Records follow. Print exactly the lines from the one that has "The floral zircon" through the one that has "(កណ្តាល)៖ ឯកឧត្តម ប៉េង", inclusive, and omit the pictures.

** RECORDS SHOWN **
-*-*-

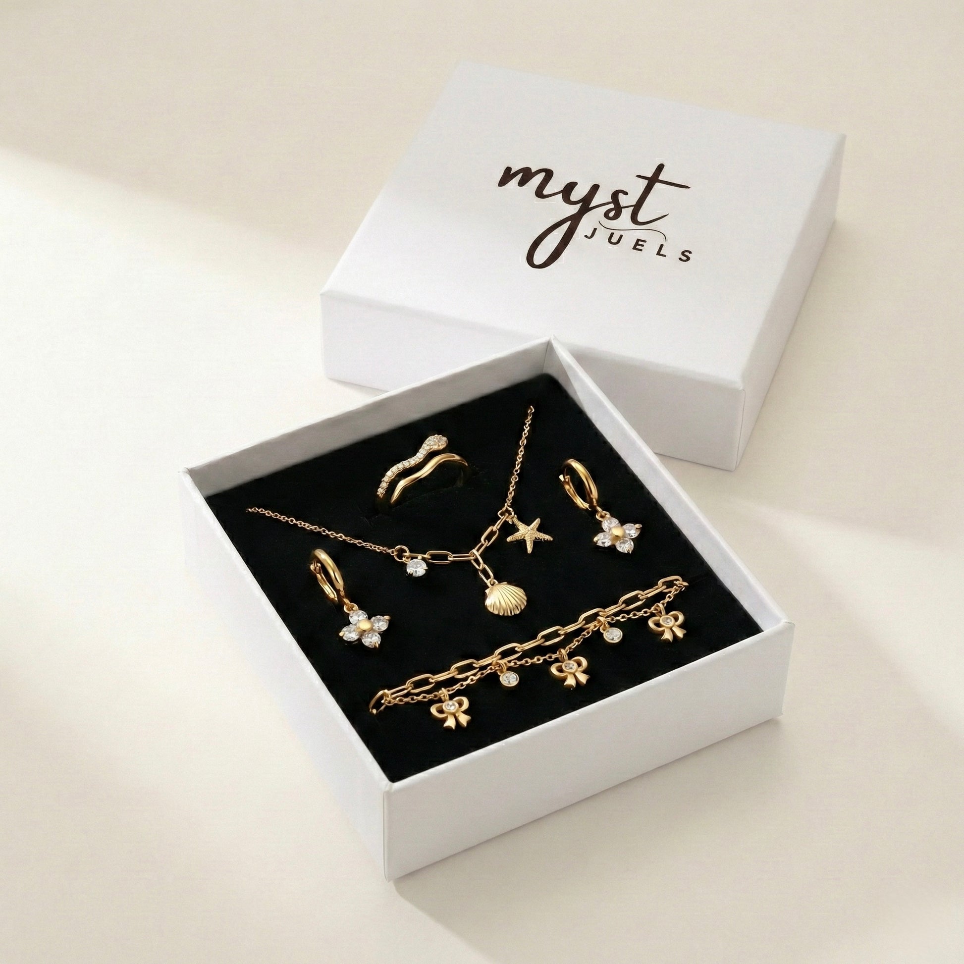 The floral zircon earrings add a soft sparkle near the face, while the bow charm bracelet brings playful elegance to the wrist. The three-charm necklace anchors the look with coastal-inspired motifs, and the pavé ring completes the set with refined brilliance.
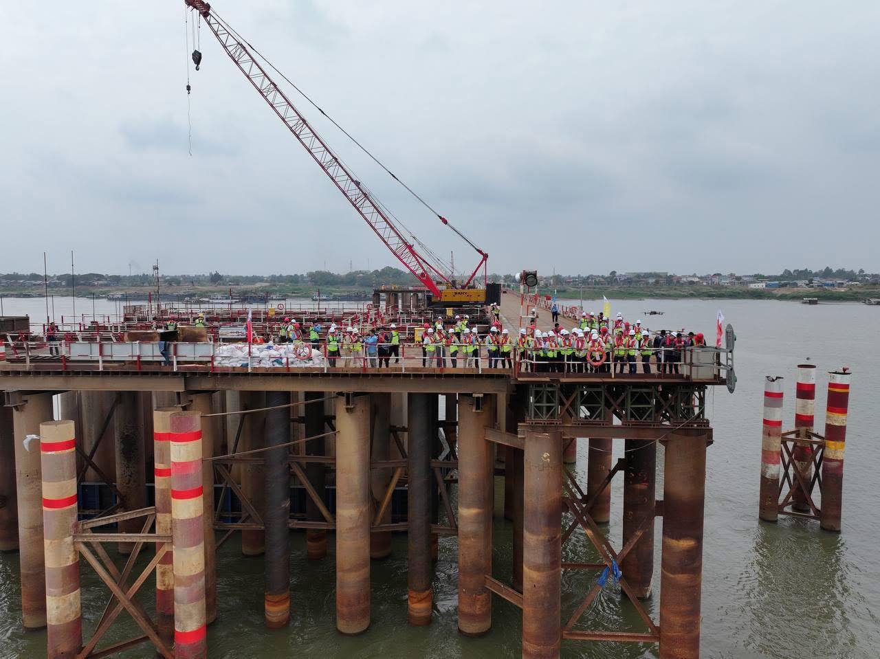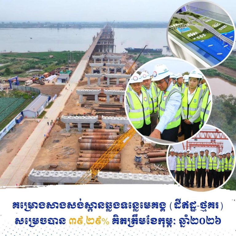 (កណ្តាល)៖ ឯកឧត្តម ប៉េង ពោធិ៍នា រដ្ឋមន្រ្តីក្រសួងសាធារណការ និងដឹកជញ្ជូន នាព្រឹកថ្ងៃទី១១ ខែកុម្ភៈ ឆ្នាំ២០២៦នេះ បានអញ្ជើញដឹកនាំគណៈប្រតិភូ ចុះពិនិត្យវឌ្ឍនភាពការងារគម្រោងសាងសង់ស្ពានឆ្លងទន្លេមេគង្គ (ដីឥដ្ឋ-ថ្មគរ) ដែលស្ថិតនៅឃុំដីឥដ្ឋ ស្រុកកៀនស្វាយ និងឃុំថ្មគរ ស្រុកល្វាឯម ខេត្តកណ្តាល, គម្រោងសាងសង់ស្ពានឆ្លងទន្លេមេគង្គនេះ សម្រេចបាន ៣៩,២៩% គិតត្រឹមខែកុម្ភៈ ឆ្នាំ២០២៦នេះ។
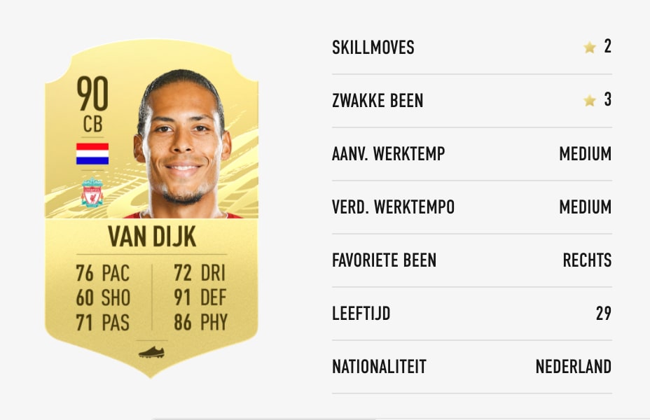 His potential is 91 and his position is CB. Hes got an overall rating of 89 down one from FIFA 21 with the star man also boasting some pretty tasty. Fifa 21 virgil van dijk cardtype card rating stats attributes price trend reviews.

-*-*-

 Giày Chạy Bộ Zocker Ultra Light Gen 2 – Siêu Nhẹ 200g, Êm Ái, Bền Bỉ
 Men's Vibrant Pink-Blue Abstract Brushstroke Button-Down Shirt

-*-*-

** RESPONSE TO THIS EXERCISE **
 The floral zircon earrings add a soft sparkle near the face, while the bow charm bracelet brings playful elegance to the wrist. The three-charm necklace anchors the look with coastal-inspired motifs, and the pavé ring completes the set with refined brilliance.
 (កណ្តាល)៖ ឯកឧត្តម ប៉េង ពោធិ៍នា រដ្ឋមន្រ្តីក្រសួងសាធារណការ និងដឹកជញ្ជូន នាព្រឹកថ្ងៃទី១១ ខែកុម្ភៈ ឆ្នាំ២០២៦នេះ បានអញ្ជើញដឹកនាំគណៈប្រតិភូ ចុះពិនិត្យវឌ្ឍនភាពការងារគម្រោងសាងសង់ស្ពានឆ្លងទន្លេមេគង្គ (ដីឥដ្ឋ-ថ្មគរ) ដែលស្ថិតនៅឃុំដីឥដ្ឋ ស្រុកកៀនស្វាយ និងឃុំថ្មគរ ស្រុកល្វាឯម ខេត្តកណ្តាល, គម្រោងសាងសង់ស្ពានឆ្លងទន្លេមេគង្គនេះ សម្រេចបាន ៣៩,២៩% គិតត្រឹមខែកុម្ភៈ ឆ្នាំ២០២៦នេះ។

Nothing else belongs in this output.